But if you do try and you do fail, at least you should fail successfully. By that I mean, you shouldn't brood about it, but as Mr. Armstrong has intimated in his book, The Seven Laws of Success, you should really use those failures purposefully. Those failures, rather than being stumbling blocks to your success should become stepping-stones to your success. I wonder how many of you realize that Thomas Edison failed some 499 times to produce a working light bulb before the last one did work? He showed a tremendous amount of resourcefulness, a tremendous amount of what Mr. Armstrong calls stick-to-it-iveness.

Someone asked Thomas Edison whether he considered himself a failure at or about the time, for example, that he failed for the 450th time. He said, "No, not at all. I wasn't a failure. All I was doing was eliminating those possibilities which weren't too practical." Which I think is a good way of using the failure or the aeries of failures as stepping-stones to success.

At any rate, faith can release you from this deep freeze that fear — fear of trying — can put you in. You shouldn't sit around daydreaming about what you could accomplish if you had the breaks or if you had luck.

How many of you play golf or have seen golf on TV on Sunday? I see that not a high percentage have. Gary Player is world famous. He's from South Africa, and he's a small man playing amongst giants physically. And yet he has managed to win every conceivable tournament wherever that type of tournament is played.

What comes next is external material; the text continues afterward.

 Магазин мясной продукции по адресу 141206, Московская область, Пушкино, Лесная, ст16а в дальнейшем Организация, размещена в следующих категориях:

This year he had a remarkable run of exceptionally fine golf, winning the United States Masters, and then two other tournaments in a row, which today is a very difficult thing to accomplish. As he was about to win his third straight event, and each of them was accomplished in this come- from- behind fashion (coming far from the back of the field of players to the fore and winning), which of course makes the win even more spectacular, he was approached by the ubiquitous announcer. Sometimes they have announcers who know almost nothing about the game — whether it be the fight game or golf or tennis. Once in a while it does happen but not each and every time by any means. On this occasion, one of the announcers just really didn't know much about golf and didn't really know much about what it is to compete. He stuck the microphone under Gary Player's mouth as he was walking up the fairway. And in an effort to say the right thing, I guess, he congratulated him on what appeared to be now his third successive win, and said, "You know, you have to be rather lucky, don't you, Mr. Player, to win three in a row?" Gary smiled (and he has a very, very pleasant smile) and he said, "You know, you're right. You're absolutely right. You do have to be lucky to win. But you know," he said, "it's a funny thing. I found out that the more you practice, the luckier you seem to get."

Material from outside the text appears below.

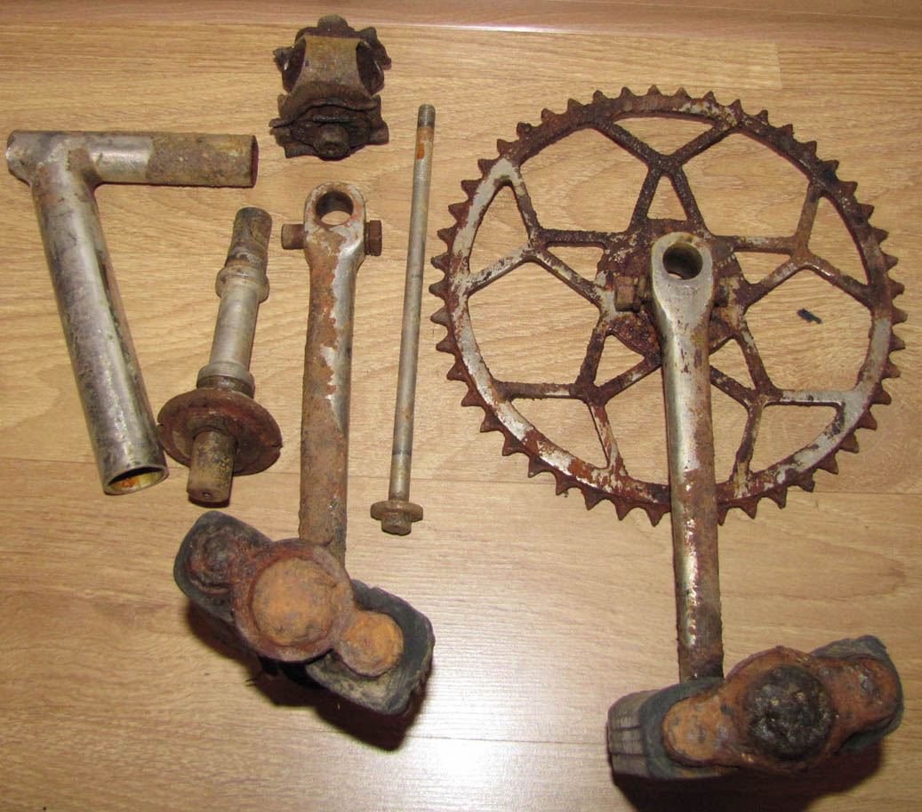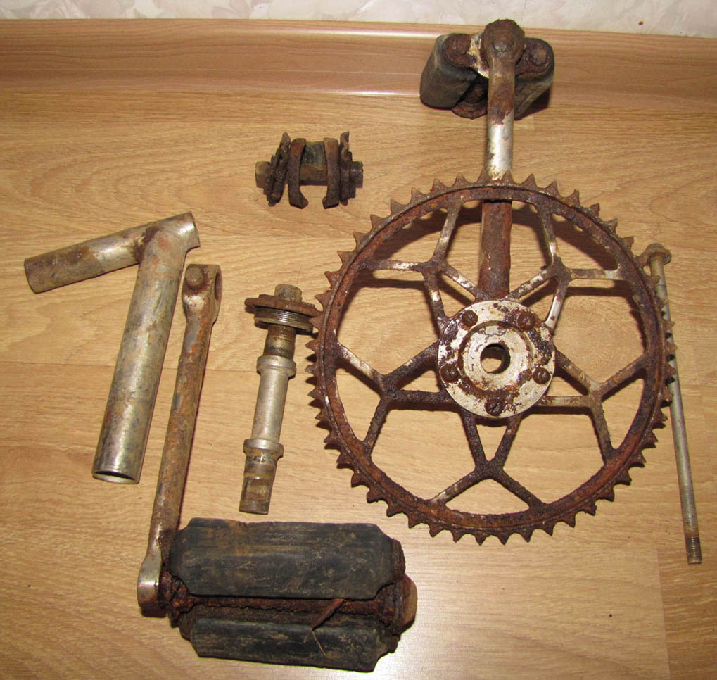 Прошу админов перенести тему, если что, не знал куда поместить. Откопал спрятанный в годы ВОВ велосипед МВЗ, номер рамы 10-08, снял запчасти (только те, что на фото) ,их состояние нормальное, местами покрыты ржавой пленкой, остальное погнило,МПЦ 2000 р, дорога ваша, само фото велосипеда и номера рамы только для наглядности.

As Mr. Armstrong's booklet, Seven Laws of Success tells you, perhaps the most important element is also the most neglected, and that's the element of faith in God. And of course, this element of faith is a gift. It's a gift from God. But literally, it opens closed doors. I accomplished things for Mr. Armstrong around the world that I would not have even tried if I didn't have faith that God wanted it done and that He had clothed me and Mr. Armstrong with a special cloak of protection, if you please, that would guarantee that things would turn out well and that our goal would be accomplished. Because truly, some of the things that we have done have been literally impossible — not only were they improbable, but they were impossible.

A few years ago I tried to see if I could transfer that feeling to someone else in order that he too would be able to succeed in accomplishing the impossible. South Africa is further away than any other inhabited part in the world. And I didn't have time to fly down there and personally make preparations. It took a lot of work and preparation of a type that I say literally was impossible.

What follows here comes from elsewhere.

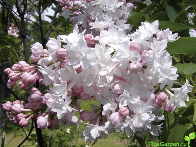 Syringa vulgaris (сирень обыкновенная) ‘Mme Lemoine’ зона 4. Сильнорослый кустарник или небольшое деревце выс. до 4 м. Листья сердцевидные, ярко-зелёные. Цветки крупные, махровые, чисто-белые с широкими лепестками, собраны в густые пирамидальные соцветия, V—VI. Цветёт поздно и очень обильно. Один из самых ценных сортов с белыми цветками. Для приусадебных участков.

What I did was to send a long memorandum to the man who ran the office in South Africa for the church. And without even indicating at all that any of what I had asked him to do was impossible, I told him to do it. Now he had never done anything like this before, and I had given him a list of things to accomplish that would have been impossible for anybody to accomplish considering the expeience that he didn't have, and considering the background and expertise that he didn't have. But you see, he didn't know any better. He didn't know that it couldn't be done. He didn't know that he didn't know. And he just assumed that because we said this is what we want and this is what we need that it could be done. And lo and behold, we arrived in South Africa for the first time and it had all been accomplished. And every trip that we had thereafter in South Africa was even better than the first one.

And one day I was talking to Mr. Fahey, who was our South African representative, and he said, "You know, I was absolutely overwhelmed when you sent me that first memorandum. I didn't know what to do. And no one knew what to do. No one knew how to begin. No one even knew how to get past the first door, no less accomplish the list of things that you had requested, such as meetings with the Prime Minister, meetings with the President, press interviews on television, press interviews on radio, press interviews with all of the press local, and distant, banquets in communities sponsored by other persons to hear Mr. Armstrong." And I said, "What did you do?" He said, "Well, I went into a closet and prayed."

Faith does break down opposition. Faith releases or generates energy and drive and power. And of course, we all know it can turn dreams also into reality. It literally is transforming and it certainly can lift us, each one of us, out of the ruts of despair and out of the ruts of discouragement. I'm sure you all know, as I do, that most of those ruts are self- made ruts. If you turn to God and you have faith, you'll be pulled out of it. Faith prepares us for abundant living, as well. It helps us to enjoy life rather than to face life with trepidation or fear, anxiety and apprehension.

And yet we know that we should pray for faith and we should pray for that faith each day, if necessary, to meet the needs of that particular day.

Now pilots often have to fly blind. Last time I went into the Los Angeles area, we had an instrument landing. And pilots have faith in their instruments. Otherwise they would surely, surely crash. They could become disoriented if they suddenly lost "faith." (And that faith has to be written with a small "f", certainly in lower case.) They must rely upon those instruments which have been built into the panel by the airplane manufacturer.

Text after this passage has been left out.